After all the stalling efforts in the House Rep. Cox was forced to introduce HB 76 via amendment to another seriously flawed concept in property taxation being proposed by Seth Grove.  Seth Grove’s plan is to expand the taxing authority of the school district into three more areas, all without voter referendum.   Pennsylvanians are quick to see the flaws of this concept.  While we may see property tax reduction at the onset, the expanding authority of the school districts will give them new local taxing authority with property as the main flow that will, in very short time, put us right where we are now with  a higher local EIT or higher costs for goods and services realized through a mercantile or retail tax.

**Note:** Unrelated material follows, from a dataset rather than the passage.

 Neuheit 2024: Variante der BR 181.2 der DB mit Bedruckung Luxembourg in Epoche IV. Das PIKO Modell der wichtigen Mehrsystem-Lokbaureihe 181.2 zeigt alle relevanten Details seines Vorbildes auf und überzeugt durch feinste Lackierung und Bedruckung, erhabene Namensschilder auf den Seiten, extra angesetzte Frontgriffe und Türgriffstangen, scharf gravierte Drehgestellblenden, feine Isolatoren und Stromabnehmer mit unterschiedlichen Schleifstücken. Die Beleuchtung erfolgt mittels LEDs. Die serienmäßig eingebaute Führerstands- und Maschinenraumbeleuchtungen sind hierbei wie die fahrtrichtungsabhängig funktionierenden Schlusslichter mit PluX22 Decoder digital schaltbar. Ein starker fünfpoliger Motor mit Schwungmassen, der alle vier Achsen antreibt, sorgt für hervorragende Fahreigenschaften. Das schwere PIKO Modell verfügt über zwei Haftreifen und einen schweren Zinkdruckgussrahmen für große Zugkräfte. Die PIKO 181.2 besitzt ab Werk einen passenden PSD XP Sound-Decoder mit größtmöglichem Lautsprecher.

Without any impact studies or the scrutiny that HB 76 had received Grove’s bill was advanced without discussion.  It was introduced on the first day back from the summer recess to the Finance Committee along with Kerry Beninghoff’s newly crafted proposal of expanding the school districts authority without voter referendum solely through the EIT.  The ink was not even dry on Benninghoff’s legislation and both bills flew through the committee and on to the floor.

Cox was essentially forced to make the amendment move and actions such as this do not go unnoticed in a political arena where fear and intimidation are tactics of a political machinery in their efforts to cling to their powers at whatever cost to the taxpayers and there was that and more going on  in the closed door Caucuses that ended the previous days legislative session in the house early and resulted in a 2 hour delay before the House took to the floor on October 1, 2013.

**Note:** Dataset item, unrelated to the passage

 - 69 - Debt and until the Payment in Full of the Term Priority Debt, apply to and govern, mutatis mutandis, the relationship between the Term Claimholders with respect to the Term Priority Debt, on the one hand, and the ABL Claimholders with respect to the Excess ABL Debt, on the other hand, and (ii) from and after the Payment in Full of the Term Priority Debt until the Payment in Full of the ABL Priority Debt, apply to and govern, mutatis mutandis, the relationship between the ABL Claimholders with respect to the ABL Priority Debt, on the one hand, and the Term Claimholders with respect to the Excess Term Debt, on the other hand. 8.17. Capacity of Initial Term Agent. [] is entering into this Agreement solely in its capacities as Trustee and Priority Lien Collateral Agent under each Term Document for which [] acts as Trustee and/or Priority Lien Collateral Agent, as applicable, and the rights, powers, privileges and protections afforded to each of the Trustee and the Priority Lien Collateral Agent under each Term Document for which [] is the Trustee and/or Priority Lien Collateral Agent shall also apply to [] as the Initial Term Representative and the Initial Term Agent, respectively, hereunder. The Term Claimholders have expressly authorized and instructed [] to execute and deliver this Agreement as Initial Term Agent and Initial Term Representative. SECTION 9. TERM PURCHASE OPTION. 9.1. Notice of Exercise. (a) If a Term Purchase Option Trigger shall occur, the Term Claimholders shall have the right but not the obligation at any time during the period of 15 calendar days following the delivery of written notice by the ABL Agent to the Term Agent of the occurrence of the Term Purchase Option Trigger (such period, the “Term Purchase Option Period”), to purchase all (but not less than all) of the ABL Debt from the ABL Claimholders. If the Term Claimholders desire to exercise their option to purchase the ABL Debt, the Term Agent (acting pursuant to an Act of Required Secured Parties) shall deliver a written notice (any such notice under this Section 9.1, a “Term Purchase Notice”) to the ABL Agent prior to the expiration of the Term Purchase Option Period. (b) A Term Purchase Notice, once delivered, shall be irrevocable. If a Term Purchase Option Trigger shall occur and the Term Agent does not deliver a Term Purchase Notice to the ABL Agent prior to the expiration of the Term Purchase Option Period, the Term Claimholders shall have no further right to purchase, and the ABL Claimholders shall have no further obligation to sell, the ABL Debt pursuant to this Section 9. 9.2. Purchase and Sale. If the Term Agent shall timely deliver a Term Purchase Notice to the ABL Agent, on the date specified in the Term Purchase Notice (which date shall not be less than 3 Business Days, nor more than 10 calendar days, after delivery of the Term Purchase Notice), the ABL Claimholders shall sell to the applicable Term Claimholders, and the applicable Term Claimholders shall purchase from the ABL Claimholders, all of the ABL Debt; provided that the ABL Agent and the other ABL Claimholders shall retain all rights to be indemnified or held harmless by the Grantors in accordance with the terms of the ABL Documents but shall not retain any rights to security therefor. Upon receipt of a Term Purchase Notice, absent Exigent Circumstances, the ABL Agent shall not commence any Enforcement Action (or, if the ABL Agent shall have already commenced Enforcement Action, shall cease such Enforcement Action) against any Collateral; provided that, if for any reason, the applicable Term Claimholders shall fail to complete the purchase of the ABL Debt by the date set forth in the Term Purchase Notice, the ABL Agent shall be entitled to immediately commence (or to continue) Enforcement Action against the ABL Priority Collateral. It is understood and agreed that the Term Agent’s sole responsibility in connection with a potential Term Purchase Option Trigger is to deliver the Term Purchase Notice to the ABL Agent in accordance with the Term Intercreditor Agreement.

Shifting from a property tax formula to taxation based on product and labor is a radical shift.  It is made all the more difficult because of the overly complicated tax codes in the state of Pennsylvania.  HB 76 was going to need some clarification through amendment, a normal part of any legislation.   This became a thorn of contention with this bill; the excuse to pummel it with the most vicious dogs in this fight being Kerry Benninghoff and Phyllis Mundy.  Benninghoff was quick to use talking point catch phrases like not ready for prime time as though this is some sort of sketch from Saturday Night Live but there was nothing funny in what he was doing.

The legislative process has always been one where any bill is amended for points of clarification as it moves through both bodies.  In fact after Seth Grove gave his closing opposition remarks again pointing out theses clarification issues,  he introduced an amendment to his own bill that was a technical point of clarification revealing him and the others for the hypocrites they were.  Apparently the Grove Bill was also not ready for Prime Time but that didn’t stop their efforts to push the Grove bill.

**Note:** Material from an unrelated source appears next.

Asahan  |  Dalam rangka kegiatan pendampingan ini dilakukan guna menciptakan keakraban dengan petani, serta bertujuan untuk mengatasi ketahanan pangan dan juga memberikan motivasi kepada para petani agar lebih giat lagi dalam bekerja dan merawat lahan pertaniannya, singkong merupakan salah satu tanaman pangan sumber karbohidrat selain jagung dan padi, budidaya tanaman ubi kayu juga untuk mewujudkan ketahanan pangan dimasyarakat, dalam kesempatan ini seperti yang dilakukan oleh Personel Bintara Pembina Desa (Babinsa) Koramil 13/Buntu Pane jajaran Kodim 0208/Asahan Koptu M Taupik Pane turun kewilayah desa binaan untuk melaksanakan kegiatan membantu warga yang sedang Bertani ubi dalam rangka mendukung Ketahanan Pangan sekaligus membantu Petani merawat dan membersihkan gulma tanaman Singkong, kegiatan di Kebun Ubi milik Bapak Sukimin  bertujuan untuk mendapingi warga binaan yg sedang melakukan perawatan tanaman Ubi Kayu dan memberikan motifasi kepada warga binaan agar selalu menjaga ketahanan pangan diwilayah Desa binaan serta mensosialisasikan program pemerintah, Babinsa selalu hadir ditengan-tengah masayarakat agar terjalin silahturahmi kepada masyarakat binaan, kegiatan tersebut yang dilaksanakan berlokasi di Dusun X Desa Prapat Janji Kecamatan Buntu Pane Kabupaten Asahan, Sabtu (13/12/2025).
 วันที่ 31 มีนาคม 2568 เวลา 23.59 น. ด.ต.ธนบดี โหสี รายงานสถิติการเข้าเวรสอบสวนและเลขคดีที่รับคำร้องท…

Even more confusing is the fact that after Phyllis Munday’s scathing assault on Cox’s amendment, she voted for it. Perhaps, after her comments on the floor, she is hoping to play the political game to go back to her constituents and rely solely on her vote.  I am hoping her own constituents have the good sense take her to task for such actions.

In between all the exaggerated hype of class warfare rhetoric and of a devastated Pennsylvania as a result of this bill,  something that carefully choose to ignore the negative impact that runaway property tax in our school districts is having on our economy already, the real argument for preserving the Property Tax surfaces.  We can thank Rep Evankovich for that although Rep Grove did his share of shedding light on the motivation behind the disdain for Property Tax Elimination.  How will we pay for the pensions of the public sector employees if we eliminate the property tax?  Evankovich grilled this point for 15 minutes during the debate in opposition of the Cox Amendment.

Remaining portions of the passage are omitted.